Connective Tissue Disease-associated Interstitial Lung Diseases (CTD-ILD) Epidemiology Non-interventional Study (NIS)

Ambispective, Non-Interventional Study to Evaluate the Epidemiology of Interstitial Lung Diseases (ILDs) Associated to Rheumatic Diseases (Rheumatoid Arthritis, Connective Tissue Diseases, Spondylarthritis and Sarcoidosis) and the Progression Risk Factors in the Mexican Population

This study aims to characterize the epidemiology of interstitial lung diseases (ILD) associated to connective tissue disease (CTD) in Mexico, and to study its correlation with the different comorbidities and treatments used, as well as the possible impacts of these factors on the outcome of progression, exacerbations, and mortality in patients with ILD associated to CTD.

Study Overview

• Status: Recruiting
• Conditions: Lung Diseases, Interstitial

• Study Type: Observational
• Enrollment (Estimated): 312

Contacts and Locations

• Study Contact: Name: Boehringer Ingelheim; Phone Number: 1-800-243-0127; Email: clintriage.rdg@boehringer-ingelheim.com

Study Locations

• Mexico
  • Mexico City, Mexico, 04318
    • Recruiting
    • Colegio Mexicano de Reumatologia

Participation Criteria

Eligibility Criteria

• Ages Eligible for Study: Adult; Older Adult
• Accepts Healthy Volunteers: No

• Sampling Method: Probability Sample

Study Population

All participants must be diagnosed with rheumatic disease (connective tissue disease (CTD)) and interstitial lung disease (ILD) and fulfil all inclusion and no exclusion criteria. Information about participants will be obtained from electronic and physical medical records for existing data collection (over the past ten years, from 2012 to 2022) and/or from medical consultations for newly collected data (for the next three years, from 2023 to 2026). The participants' observation time varies and can be over the whole study duration (from 2012 to 2023), over the past ten years only (existing data) or over the next three years (new data).

Description

Inclusion Criteria:

For newly data collection:

• Male and female Patients.
• Patients over 18 years old.
• Patient who gives his/her signed informed consent to be able to use information about their condition.
• Patient who has the diagnosis of: rheumatoid arthritis, connective tissue disease (CTD) (systemic sclerosis or scleroderma; inflammatory myopathy: antisynthetase, dermatomyositis, polymyositis, mixed connective tissue disease; systemic lupus erythematosus; primary Sjögren syndrome; pulmonary fibrosis associated with non-specific autoimmunity; primary systemic vasculitis; psoriasis, anchylosing spondylitis, reactive arthritis) Spondyloarthritis (SpA) or sarcoidosis, (accordingly with the updated clinical criteria for each pathology).

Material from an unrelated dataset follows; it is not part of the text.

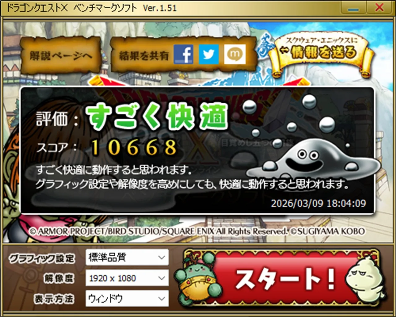 続いてドラゴンクエストX ベンチマークでは、すごく快適となりました。だいたい70-80fpsは出ているので、ドラクエXは余裕。
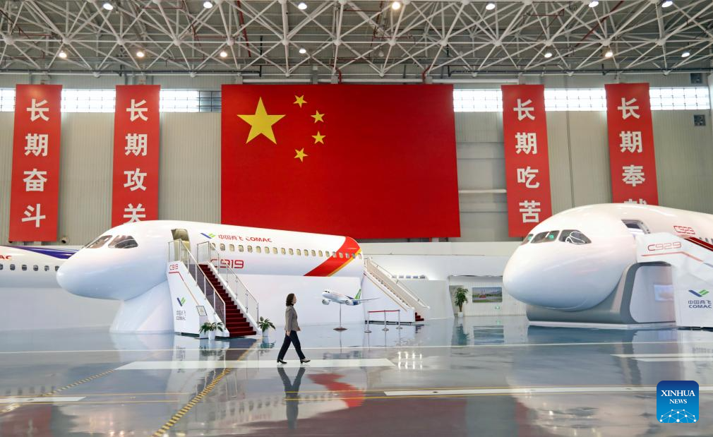 Zhao Chunling walk past the mockup of C919 and C929 aircraft at a research institute of Commercial Aircraft Corporation of China (COMAC) in Shanghai, east China, March 5, 2025. (Xinhua/Liu Ying)

Patient with any interstitial lung diseases (ILD) diagnosed clinically and by a high-resolution computed tomography study with an interstitial pattern (supervised by an expert radiologist).

For existing data collection:

• Medical Records from patients with whom contact was permanently lost for any reason since 2012 till the study start date.
• Medical Records from male and female Patients.
• Medical Records from patients over 18 years old.

• Medical Records of patients that have at least: patient initials, date of birth, gender, date of diagnosis, full diagnosis of:

  • Patient who has the diagnosis of: rheumatoid arthritis, CTD (systemic sclerosis or scleroderma; inflammatory myopathy: antisynthetase, dermatomyositis, polymyositis, mixed connective tissue disease; Systemic lupus erythematosus; primary Sjögren syndrome; pulmonary fibrosis associated with non-specific autoimmunity; primary systemic vasculitis; psoriasis, anchylosing spondylitis, reactive arthritis) SpA or Sarcoidosis, (accordingly with the updated clinical criteria for each pathology).
  • Patient with any ILD diagnosed clinically and by a high-resolution computed tomography study with an interstitial pattern (supervised by an expert radiologist).

Exclusion Criteria:

• Patient with a biopsy definition of usual interstitial pneumonitis, related to any other non-CTD.
• Patient with post-chemotherapy or post-radiotherapy pneumonitis.
• Medical Records of patients without full diagnostic of ILD (clinically and by biopsy or high-resolution computed tomography).

Study Plan

How is the study designed?

Number of groups / cohorts

1

Cohorts and Interventions

Group / Cohort

All participants; All participants must be diagnosed with rheumatic disease (connective tissue disease (CTD)) and interstitial lung disease (ILD) and fulfil all inclusion and no exclusion criteria. Information about participants will be obtained from electronic and physical medical records for existing data collection (over the past ten years, from 2012 to 2022) and/or from medical consultations for newly collected data (for the next three years, from 2023 to 2026). The participants' observation time varies and can be over the whole study duration (from 2012 to 2023), over the past ten years only (existing data) or over the next three years (new data).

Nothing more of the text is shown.